Dedicated to the memory of Stanley Robertson MUniv, and to all others in our lives who have brought story and song alive for us.

CONTENTS

Title

The Maidenstone and Other Stories

Dedication

Foreword

To Begin …

1 HILLAND GLEN

Blelack

The Legend of the Maidenstone

Auld Slorachs

Knock Castle

The Strange Coachman

The Pupil

Mary Elphinstone

2 THE LAND

The Tattiebogle

The Ballad of Gilderoy

The Highwayman and the Orra Loon

An Aul Beggarman

The Gudeman o’ Ballengeich

Templar Thunder Hole

The Rat, the Tree and the Dragon

The Trick

3 CASTLES

French Kate

Alison Cross

The Plague Castle

The Smith of Kildrummy Castle

The Baron o’ Braichlie

The Children of the Trough

The Tad-Losgann (The Toad-Frog)

The Laird o’ Drum

Tifty’s Annie

4 FORESTS, RIVERSAND WATER

The Key Pool

The Giant with the Three Golden Hairs, or, The Seely Cap

The Wizard Laird of Skene (1665–1724)

The Pedlar

The Reel o’ Tullich

Auld Creuvie

The Kelpie Tale

5 COASTAND SEA

Smugglers of Collieston

The Curse of Forvie

The Knock Maitland Stane

The Lass from the Sea

Power fae Beyond the Grave

6 THE CITY

The Story of Benholm’s Lodgings

The Astronomer from Aberdeen

The Slave who came from Aboyne

Alexander Hadden of Hadden Mill

Wee Aipplies an’ Wee Orangies

Riddles Solved

Bibliography

Copyright

FOREWORD

Every region of Scotland is rich in story lore, but none more so than the North-East. Interwoven with ballads and poetry, the stories of Aberdeenshire are about landscape, history, working lives, games, passions, the supernatural, the everyday, the tragic, the comic and the downright ridiculous. And they are all in this book.

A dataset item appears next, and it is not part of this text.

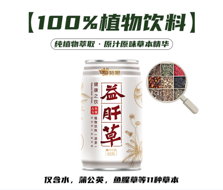 益肝草苗姑娘凉茶白罐310ml 凉茶饮料 |

But what a treasury such as this requires is storytellers to bring it to life. And here in Grace Banks and Sheena Blackhall we have two great voices, rooted in the community and relishing the verbal magic, humour and strangeness of their sources. Storytelling has come back with a whoosh because people recognise the magic of the live art, the connection it establishes between people and between a community, its heritage and its environment. The authors of Aberdeenshire Folk Tales are great storytellers. Their texts have been fashioned on the tongue and lips and now they are offering their rich heritage back for everyone to share and tell.

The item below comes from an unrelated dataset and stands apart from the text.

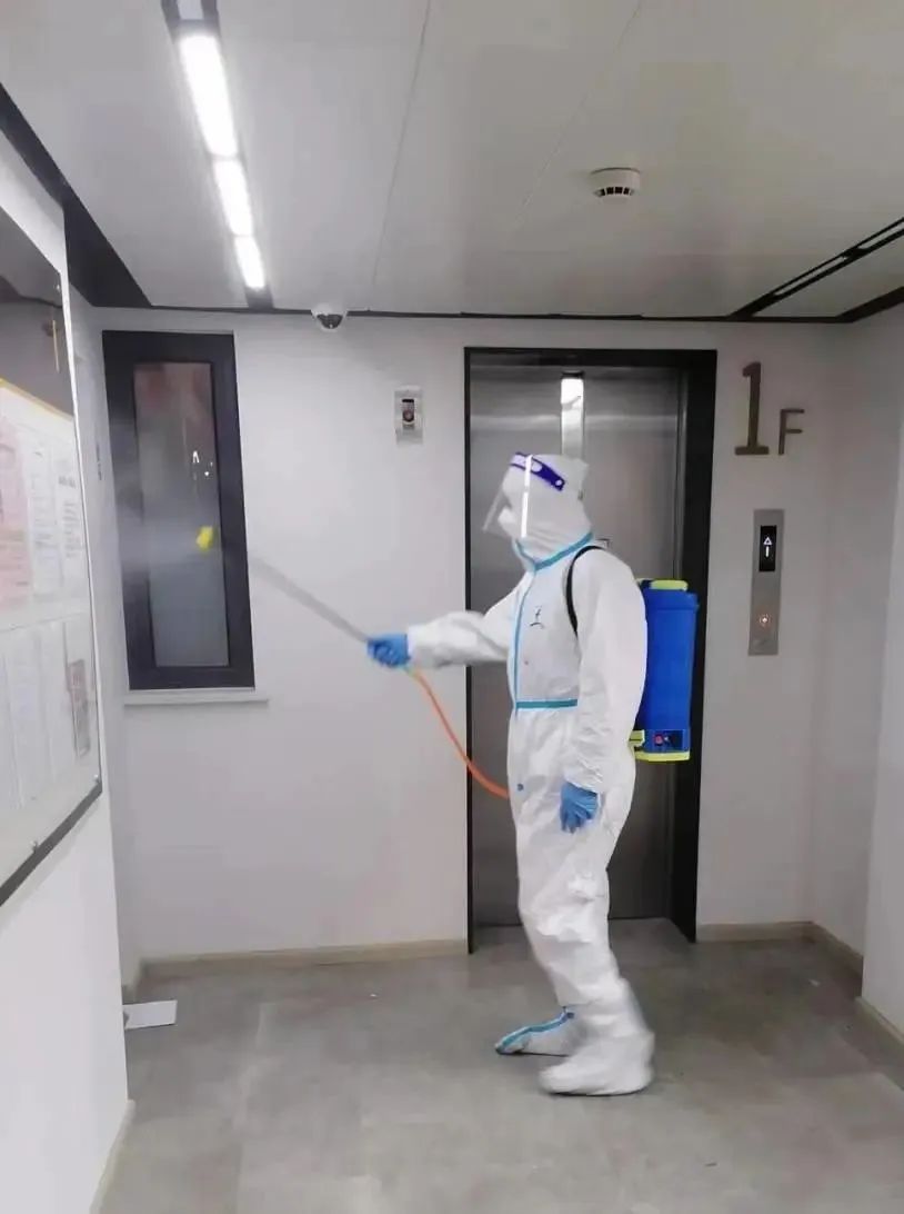 ✦ 本轮疫情以来,每天15时,员工准时背着15公斤的消毒器,一幢楼五个楼层,逐层喷洒消毒水,不遗漏角角落落。一幢楼的消杀任务完成时,已经是汗流浃背,累得只想坐下歇歇。但他们却总是步履不停,径直前往下一幢楼继续消杀……南房人时刻待命、全力付出,愿能够早日打赢疫情防控战。

Gathering the stories of Aberdeenshire, as Hamish Henderson said of Scottish traditions, is like holding a pail under a waterfall. There could be a line of books behind this, and maybe there will be. However our two storytellers have picked well and what you get here is rich and rounded, while also whetting the appetite for more. Grace Banks and Sheena Blackhall are themselves a living continuation of these traditions and through them a world of people and of place is given voice.

Some of the experiences reflected in these tales may seem at first hand to belong to a different world from the one in which we now live. But then you realise that the places are still there and that the emotions are still our own. That reflects the truth that through technological and social change, we remain human beings connected with everyone that has gone before and that will come after. Moreover our passions and hopes and desires are shared across the world regardless of creed, race or colour. That is why in valuing what is local we are also being truly global.

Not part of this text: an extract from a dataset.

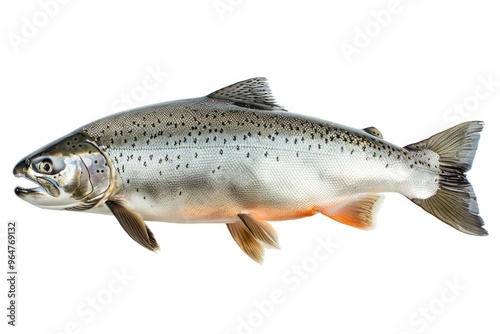 A fish suspended in the air, no water or surrounding environment visible

Behind this book you can feel the inspiration of Aberdeenshire’s great twentieth-century storyteller Stanley Robertson. Traveller, piper, scholar, fish gutter, singer and teacher. Stanley’s storytelling abounded in humour and the uncanny, but is at heart an expression of compassion and wisdom garnered through many generations. He would be proud of what Sheena and Grace have done in this book, giving it his blessing as a handsel for the future. I cannot say better than that.

I know you will enjoy reading Aberdeenshire Folk Tales – remember also to pass on the stories.

Donald Smith,

Director, Scottish Storytelling Centre

TO BEGIN…

When Sheena asked if we could write this book together, I was delighted! What a wonderful opportunity to put on paper so many of the wonderful stories that are part and parcel of my life.

For Sheena and I there is one man who has been very significant for both our journeys: Stanley Robertson. As traveller and storyteller, his generosity, his wealth of tales and songs told with a mixture of dry wit and sensitivity, has been a great influence and encouragement to us both.

Many of the stories retold here have his voice behind them, but with our own individuality and years of telling, they have been moulded and metamorphosed into our telling of what are timeless tales of wisdom and life.

For Sheena, many of her tales are her inheritance, passed down through family connections:

From the age of five my mother’s way of dealing with an adventurous child was to deposit her on Strachan’s, my aunt’s touring bus of the Ballater area. This was out-with the normal Deeside bus service in that it catered for tourists who wished to know the legends of the Deeside area. The bus drivers knew all the stories of the locality … Whenever I retell the legends it recaptures the smell of diesel and rickety wheels.

When I went to Aberdeen University to study for an M.Lit. I was given the task of choosing an area in which to research the way that Scots is transmitted across the generations. Naturally, I choose the area of my ancestors, that of Upper Deeside and Migvie. I discovered that in the space of two or three generations, Gaelic was dropped in preference to Doric. A hundred years or so on, Doric is receding in favour of English in this locality. Because the legends come out of this past, I have deliberately inserted here and there speech quotes from the Legends of the Braes o’ Mar, where the writer, J. Grant of Glen Gairn, puts Deeside Gaelic into the mouth of a local chieftain, Iain Dubh Farquharson. Legends are rooted in history … for me they are a way of keeping faith with the ghosts of the past.

For me, my storytelling journey began at the feet of my mother, whose retelling of The Hobbit and The Lord of the Rings brought the Shire, Sam Gamgee and all the adventures alive in my bedroom at home. My father too would create stories during our long car journeys where the five of us were sardined in the back. It was there that we all learnt many songs that still remain to this day!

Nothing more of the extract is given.